To do>
What is needed here is an exact copy of all the data.

Collected data entries:
BEGIN

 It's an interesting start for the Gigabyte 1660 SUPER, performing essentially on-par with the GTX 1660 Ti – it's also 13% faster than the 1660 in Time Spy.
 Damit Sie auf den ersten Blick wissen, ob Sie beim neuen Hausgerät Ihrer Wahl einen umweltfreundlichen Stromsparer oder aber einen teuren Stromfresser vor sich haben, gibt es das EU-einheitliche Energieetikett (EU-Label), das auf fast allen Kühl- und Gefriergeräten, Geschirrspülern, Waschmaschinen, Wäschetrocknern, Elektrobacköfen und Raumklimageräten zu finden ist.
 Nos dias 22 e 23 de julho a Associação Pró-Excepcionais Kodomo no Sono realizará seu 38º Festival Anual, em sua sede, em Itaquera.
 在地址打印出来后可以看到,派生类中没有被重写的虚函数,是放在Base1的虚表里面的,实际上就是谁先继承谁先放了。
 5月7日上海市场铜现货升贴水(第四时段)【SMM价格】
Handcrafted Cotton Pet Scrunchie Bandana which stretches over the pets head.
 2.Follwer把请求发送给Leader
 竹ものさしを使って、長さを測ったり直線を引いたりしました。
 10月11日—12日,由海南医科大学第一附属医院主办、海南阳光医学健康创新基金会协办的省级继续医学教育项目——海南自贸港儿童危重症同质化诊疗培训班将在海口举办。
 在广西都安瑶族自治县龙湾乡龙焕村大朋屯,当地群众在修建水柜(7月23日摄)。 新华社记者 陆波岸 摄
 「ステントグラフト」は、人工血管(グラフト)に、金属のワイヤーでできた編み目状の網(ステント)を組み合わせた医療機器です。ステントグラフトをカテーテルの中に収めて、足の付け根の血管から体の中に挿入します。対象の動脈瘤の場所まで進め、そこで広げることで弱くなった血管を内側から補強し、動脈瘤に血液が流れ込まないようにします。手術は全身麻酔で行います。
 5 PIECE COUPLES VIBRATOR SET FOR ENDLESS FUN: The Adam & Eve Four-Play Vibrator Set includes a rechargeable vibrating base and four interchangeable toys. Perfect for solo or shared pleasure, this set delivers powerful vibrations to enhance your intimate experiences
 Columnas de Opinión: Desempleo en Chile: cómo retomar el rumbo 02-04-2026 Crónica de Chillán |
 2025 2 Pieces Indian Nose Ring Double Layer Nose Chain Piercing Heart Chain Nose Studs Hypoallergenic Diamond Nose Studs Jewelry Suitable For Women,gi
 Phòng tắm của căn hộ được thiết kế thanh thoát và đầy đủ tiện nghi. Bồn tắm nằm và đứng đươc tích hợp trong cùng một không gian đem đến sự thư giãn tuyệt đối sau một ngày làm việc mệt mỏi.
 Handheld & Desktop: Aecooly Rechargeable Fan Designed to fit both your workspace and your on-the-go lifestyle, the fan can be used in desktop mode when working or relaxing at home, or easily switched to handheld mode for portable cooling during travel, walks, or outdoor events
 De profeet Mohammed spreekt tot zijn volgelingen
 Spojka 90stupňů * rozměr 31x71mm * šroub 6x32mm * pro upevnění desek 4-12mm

END

Expected output>
 It's an interesting start for the Gigabyte 1660 SUPER, performing essentially on-par with the GTX 1660 Ti – it's also 13% faster than the 1660 in Time Spy.
 Damit Sie auf den ersten Blick wissen, ob Sie beim neuen Hausgerät Ihrer Wahl einen umweltfreundlichen Stromsparer oder aber einen teuren Stromfresser vor sich haben, gibt es das EU-einheitliche Energieetikett (EU-Label), das auf fast allen Kühl- und Gefriergeräten, Geschirrspülern, Waschmaschinen, Wäschetrocknern, Elektrobacköfen und Raumklimageräten zu finden ist.
 Nos dias 22 e 23 de julho a Associação Pró-Excepcionais Kodomo no Sono realizará seu 38º Festival Anual, em sua sede, em Itaquera.
 在地址打印出来后可以看到,派生类中没有被重写的虚函数,是放在Base1的虚表里面的,实际上就是谁先继承谁先放了。
 5月7日上海市场铜现货升贴水(第四时段)【SMM价格】
Handcrafted Cotton Pet Scrunchie Bandana which stretches over the pets head.
 2.Follwer把请求发送给Leader
 竹ものさしを使って、長さを測ったり直線を引いたりしました。
 10月11日—12日,由海南医科大学第一附属医院主办、海南阳光医学健康创新基金会协办的省级继续医学教育项目——海南自贸港儿童危重症同质化诊疗培训班将在海口举办。
 在广西都安瑶族自治县龙湾乡龙焕村大朋屯,当地群众在修建水柜(7月23日摄)。 新华社记者 陆波岸 摄
 「ステントグラフト」は、人工血管(グラフト)に、金属のワイヤーでできた編み目状の網(ステント)を組み合わせた医療機器です。ステントグラフトをカテーテルの中に収めて、足の付け根の血管から体の中に挿入します。対象の動脈瘤の場所まで進め、そこで広げることで弱くなった血管を内側から補強し、動脈瘤に血液が流れ込まないようにします。手術は全身麻酔で行います。
 5 PIECE COUPLES VIBRATOR SET FOR ENDLESS FUN: The Adam & Eve Four-Play Vibrator Set includes a rechargeable vibrating base and four interchangeable toys. Perfect for solo or shared pleasure, this set delivers powerful vibrations to enhance your intimate experiences
 Columnas de Opinión: Desempleo en Chile: cómo retomar el rumbo 02-04-2026 Crónica de Chillán |
 2025 2 Pieces Indian Nose Ring Double Layer Nose Chain Piercing Heart Chain Nose Studs Hypoallergenic Diamond Nose Studs Jewelry Suitable For Women,gi
 Phòng tắm của căn hộ được thiết kế thanh thoát và đầy đủ tiện nghi. Bồn tắm nằm và đứng đươc tích hợp trong cùng một không gian đem đến sự thư giãn tuyệt đối sau một ngày làm việc mệt mỏi.
 Handheld & Desktop: Aecooly Rechargeable Fan Designed to fit both your workspace and your on-the-go lifestyle, the fan can be used in desktop mode when working or relaxing at home, or easily switched to handheld mode for portable cooling during travel, walks, or outdoor events
 De profeet Mohammed spreekt tot zijn volgelingen
 Spojka 90stupňů * rozměr 31x71mm * šroub 6x32mm * pro upevnění desek 4-12mm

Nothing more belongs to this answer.